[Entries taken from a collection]
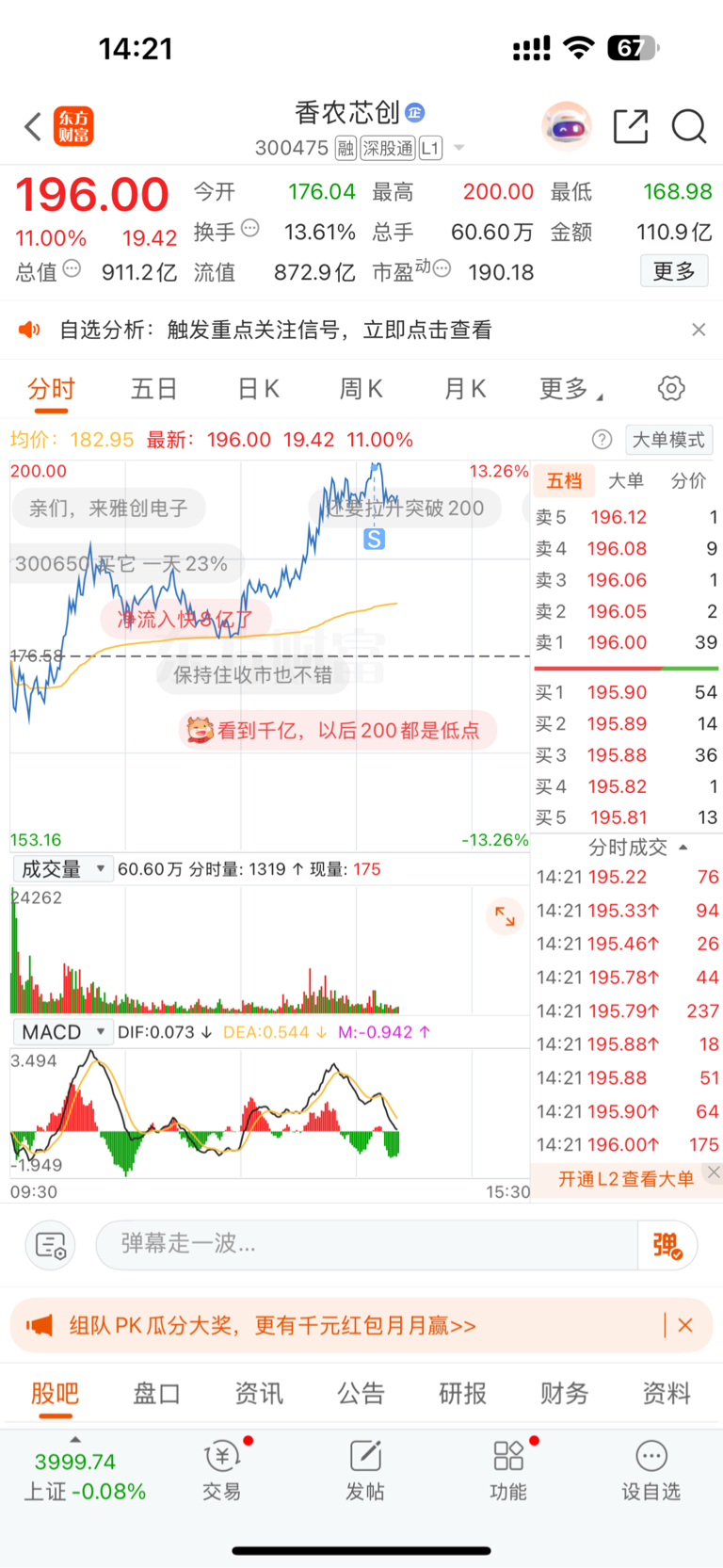 $香农芯创(SZ300475)$ 止盈落袋为安
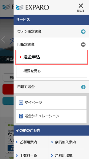 メニューボタンから[円指定送金]⇒[送金申込]をクリックします。
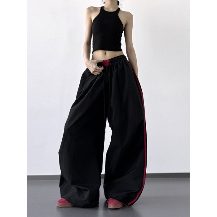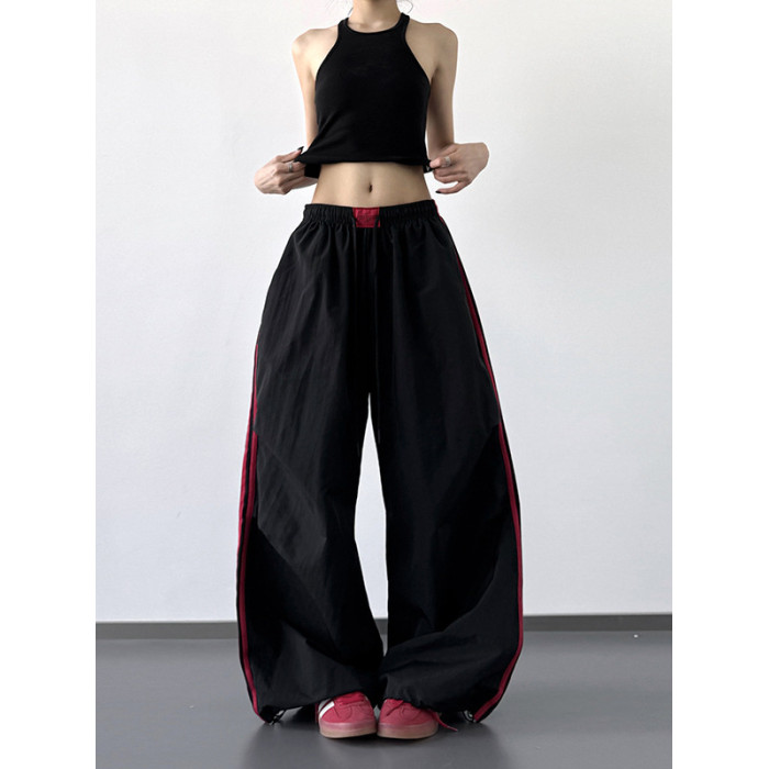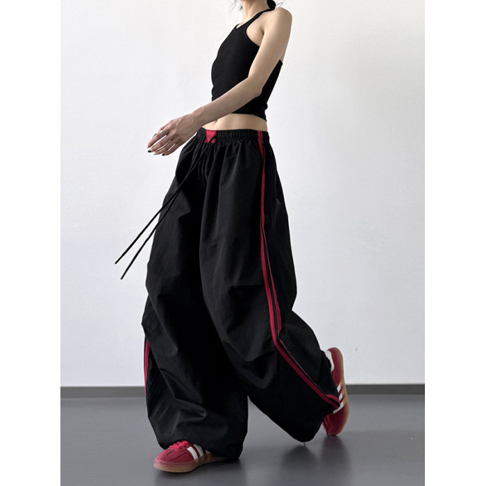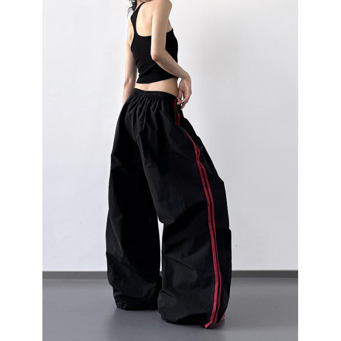 ADER涼感速乾運動繖兵褲子女2025夏季美式復古撞色條紋休閒濶腿褲
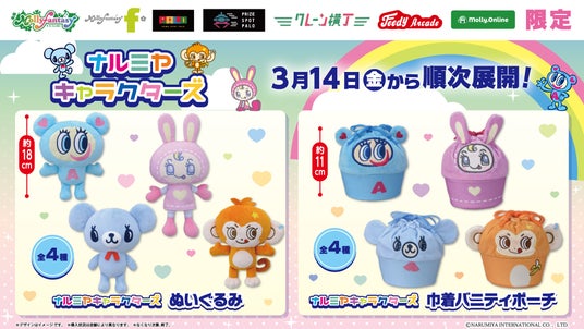 株式会社イオンファンタジー(本社:千葉県千葉市、代表取締役社長:藤原徳也、以下、当社)は、株式会社ナルミヤ・インターナショナル(本社:東京都港区、代表取締役執行役員社長:國京紘宇)が展開する、平成の小学生に人気のオリジナルブランド「ANGEL BLUE(エンジェルブルー)」、「mezzo piano junior(メゾピアノ ジュニア)」、「pom ponette junior(ポンポネット ジュニア)」、「DAISY LOVERS(デイジーラヴァーズ)」のオリジナルキャラクターたちのプライズゲーム用景品「ナルミヤキャラクターズ ぬいぐるみ」と「ナルミヤキャラクターズ 巾着バニティポーチ」を、「モーリーファンタジー」「PALO」をはじめとするアミューズメント施設において3月14日(金)より順次展開いたします。
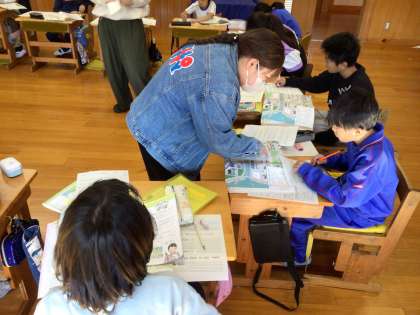 教科書にある地図に、自分のお気に入りの施設を書き込んで、そこへ行けるように道案内するという学習です。
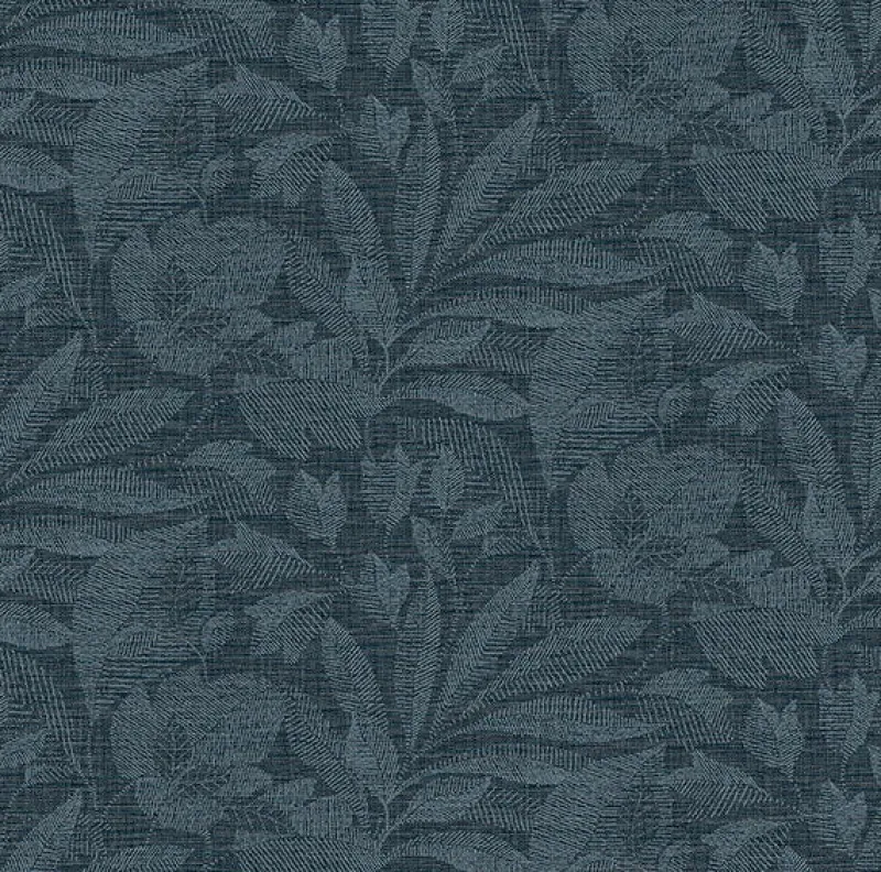 This modern botanical wallpaper is bursting with detail. Leaf imprints, composed of dozens of delicate light blue lines, overlay a rich navy backdrop that mimics the look of linen. Lei is an unpasted, non woven fabric backed vinyl wallpaper.
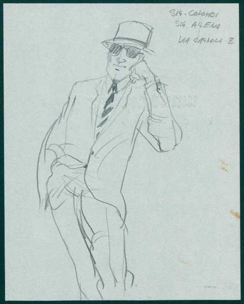 Bozzetto per il periodico dei grandi magazzini la Rinascente "Uomo la Rinascente Moda maschile" dell'ottobre 1961. figura maschile con completo, cappello e occhiali da sole
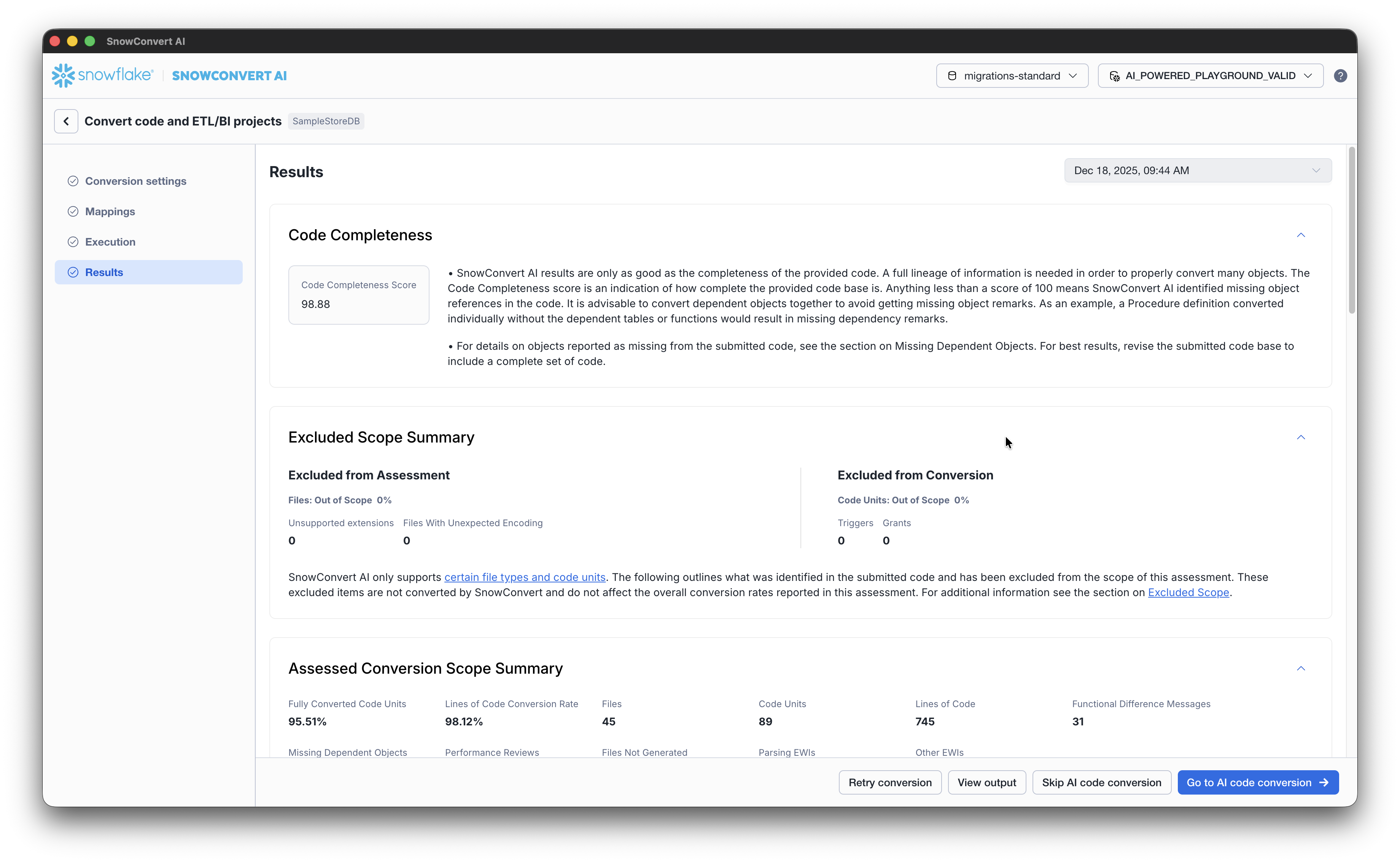 After the code conversion is complete, select GO TO AI code conversion from the Results page.
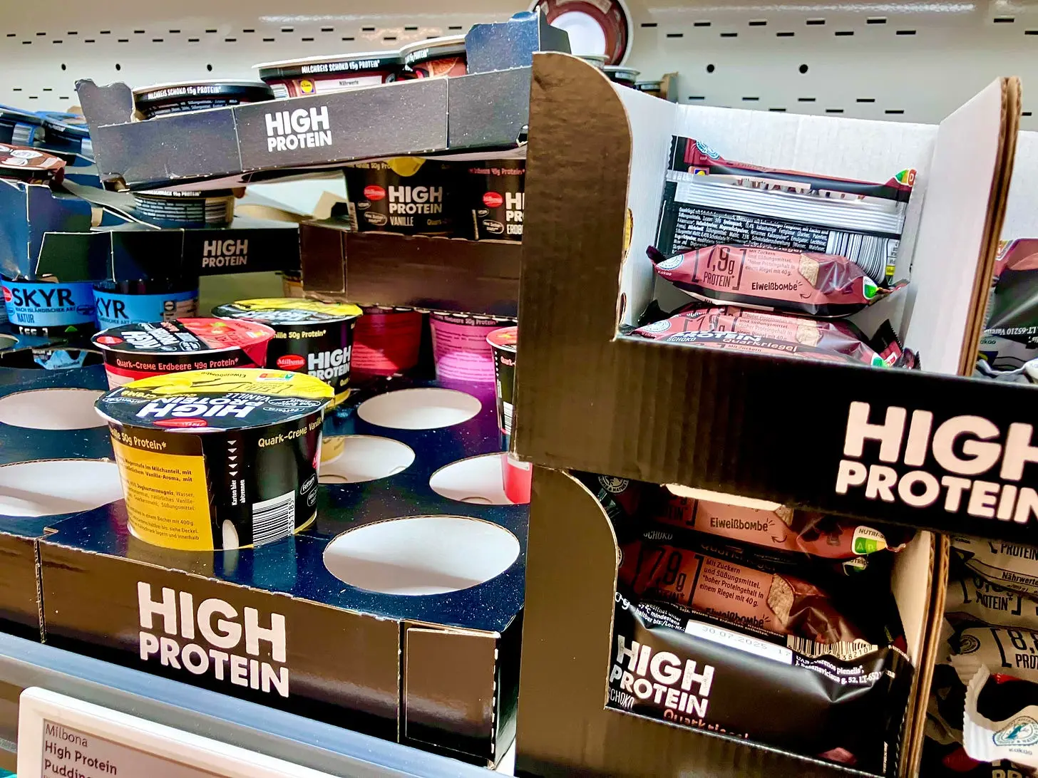 Der US-Gesundheitsminister Robert F. Kennedy jr. propagiert sie, immer mehr Leute schlucken sie, in den USA schon über 40 Prozent der Kinder und Jugendlichen. Der „Proteinwahnsinn“ grassiert, im Supermarkt stapeln sich die “Eiweißbomben” (Foto: DR. WATSON). Und viele haben sich vorgenommen, noch mehr davon zu konsumieren. Kritische Ernährungswissenschaftler wie die New Yorker Professorin Marion Nestle können sich nur noch wundern. Schließlich gebe es definitiv keinen Mangel. Mediziner warnen sogar: Zu viel Protein könne womöglich das Risiko für Diabetes und sogar Krebs erhöhen, langfristig Nieren und Leber überlasten und zu Mundgeruch, Verstopfung und Blähungen führen.

◆ Problem description: Each entry above is to be restated exactly, without its images.

◆ Your response:
 $香农芯创(SZ300475)$ 止盈落袋为安
 メニューボタンから[円指定送金]⇒[送金申込]をクリックします。
 ADER涼感速乾運動繖兵褲子女2025夏季美式復古撞色條紋休閒濶腿褲
 株式会社イオンファンタジー(本社:千葉県千葉市、代表取締役社長:藤原徳也、以下、当社)は、株式会社ナルミヤ・インターナショナル(本社:東京都港区、代表取締役執行役員社長:國京紘宇)が展開する、平成の小学生に人気のオリジナルブランド「ANGEL BLUE(エンジェルブルー)」、「mezzo piano junior(メゾピアノ ジュニア)」、「pom ponette junior(ポンポネット ジュニア)」、「DAISY LOVERS(デイジーラヴァーズ)」のオリジナルキャラクターたちのプライズゲーム用景品「ナルミヤキャラクターズ ぬいぐるみ」と「ナルミヤキャラクターズ 巾着バニティポーチ」を、「モーリーファンタジー」「PALO」をはじめとするアミューズメント施設において3月14日(金)より順次展開いたします。
 教科書にある地図に、自分のお気に入りの施設を書き込んで、そこへ行けるように道案内するという学習です。
 This modern botanical wallpaper is bursting with detail. Leaf imprints, composed of dozens of delicate light blue lines, overlay a rich navy backdrop that mimics the look of linen. Lei is an unpasted, non woven fabric backed vinyl wallpaper.
 Bozzetto per il periodico dei grandi magazzini la Rinascente "Uomo la Rinascente Moda maschile" dell'ottobre 1961. figura maschile con completo, cappello e occhiali da sole
 After the code conversion is complete, select GO TO AI code conversion from the Results page.
 Der US-Gesundheitsminister Robert F. Kennedy jr. propagiert sie, immer mehr Leute schlucken sie, in den USA schon über 40 Prozent der Kinder und Jugendlichen. Der „Proteinwahnsinn“ grassiert, im Supermarkt stapeln sich die “Eiweißbomben” (Foto: DR. WATSON). Und viele haben sich vorgenommen, noch mehr davon zu konsumieren. Kritische Ernährungswissenschaftler wie die New Yorker Professorin Marion Nestle können sich nur noch wundern. Schließlich gebe es definitiv keinen Mangel. Mediziner warnen sogar: Zu viel Protein könne womöglich das Risiko für Diabetes und sogar Krebs erhöhen, langfristig Nieren und Leber überlasten und zu Mundgeruch, Verstopfung und Blähungen führen.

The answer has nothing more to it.